L’analisi comparata dei criteri contenuti nelle tre diverse discipline conduce al paradosso secondo cui vengono richiesti criteri molto più stringenti per le azioni domestiche piuttosto che per le azioni transfrontaliere (le quali, invece, richiederebbero verosimilmente attendibilità e competenze maggiori), con il risultato inverosimile di rendere più difficile l’accesso all’azione rappresentativa domestica per le associazioni italiane rispetto alle equivalenti estere.

c) La legittimazione delle Autorità pubbliche indipendenti.

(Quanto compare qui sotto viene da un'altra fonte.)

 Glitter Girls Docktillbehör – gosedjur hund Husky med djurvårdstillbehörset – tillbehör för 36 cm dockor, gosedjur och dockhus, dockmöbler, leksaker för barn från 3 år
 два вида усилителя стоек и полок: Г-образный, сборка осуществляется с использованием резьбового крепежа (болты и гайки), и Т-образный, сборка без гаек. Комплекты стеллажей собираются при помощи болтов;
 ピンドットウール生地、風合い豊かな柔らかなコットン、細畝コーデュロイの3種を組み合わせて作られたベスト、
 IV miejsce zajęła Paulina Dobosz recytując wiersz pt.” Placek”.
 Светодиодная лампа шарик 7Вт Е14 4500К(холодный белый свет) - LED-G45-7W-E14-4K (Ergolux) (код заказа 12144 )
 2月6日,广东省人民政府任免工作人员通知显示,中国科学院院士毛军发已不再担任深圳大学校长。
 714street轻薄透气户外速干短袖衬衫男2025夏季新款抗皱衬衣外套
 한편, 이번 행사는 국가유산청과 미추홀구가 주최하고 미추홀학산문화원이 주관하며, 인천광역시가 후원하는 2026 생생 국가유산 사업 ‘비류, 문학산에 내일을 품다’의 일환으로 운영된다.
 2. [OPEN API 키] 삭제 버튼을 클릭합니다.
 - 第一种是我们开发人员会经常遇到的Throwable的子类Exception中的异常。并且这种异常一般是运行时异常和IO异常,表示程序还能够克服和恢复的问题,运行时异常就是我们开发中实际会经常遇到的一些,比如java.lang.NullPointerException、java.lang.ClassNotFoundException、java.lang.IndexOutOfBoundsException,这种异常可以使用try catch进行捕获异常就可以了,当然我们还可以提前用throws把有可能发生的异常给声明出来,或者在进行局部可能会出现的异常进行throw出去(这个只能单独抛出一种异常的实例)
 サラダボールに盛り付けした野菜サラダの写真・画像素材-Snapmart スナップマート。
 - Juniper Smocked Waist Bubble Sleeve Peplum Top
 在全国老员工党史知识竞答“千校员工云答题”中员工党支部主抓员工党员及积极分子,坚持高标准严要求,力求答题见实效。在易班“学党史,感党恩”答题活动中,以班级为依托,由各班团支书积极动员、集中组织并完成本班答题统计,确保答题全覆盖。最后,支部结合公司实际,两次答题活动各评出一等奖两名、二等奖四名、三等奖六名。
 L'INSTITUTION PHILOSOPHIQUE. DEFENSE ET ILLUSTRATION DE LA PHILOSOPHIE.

Infine, va osservato come il conferimento della legittimazione ad agire anche alle autorità pubbliche indipendenti nazionali di cui all’articolo 3, numero 6), del regolamento (UE) 2017/2394, che facciano richiesta di essere legittimate, appare una scelta dubbia sul piano della legittimità costituzionale, poiché tali soggetti sono titolari di autonomi poteri sanzionatori pubblici nei confronti della parte professionale.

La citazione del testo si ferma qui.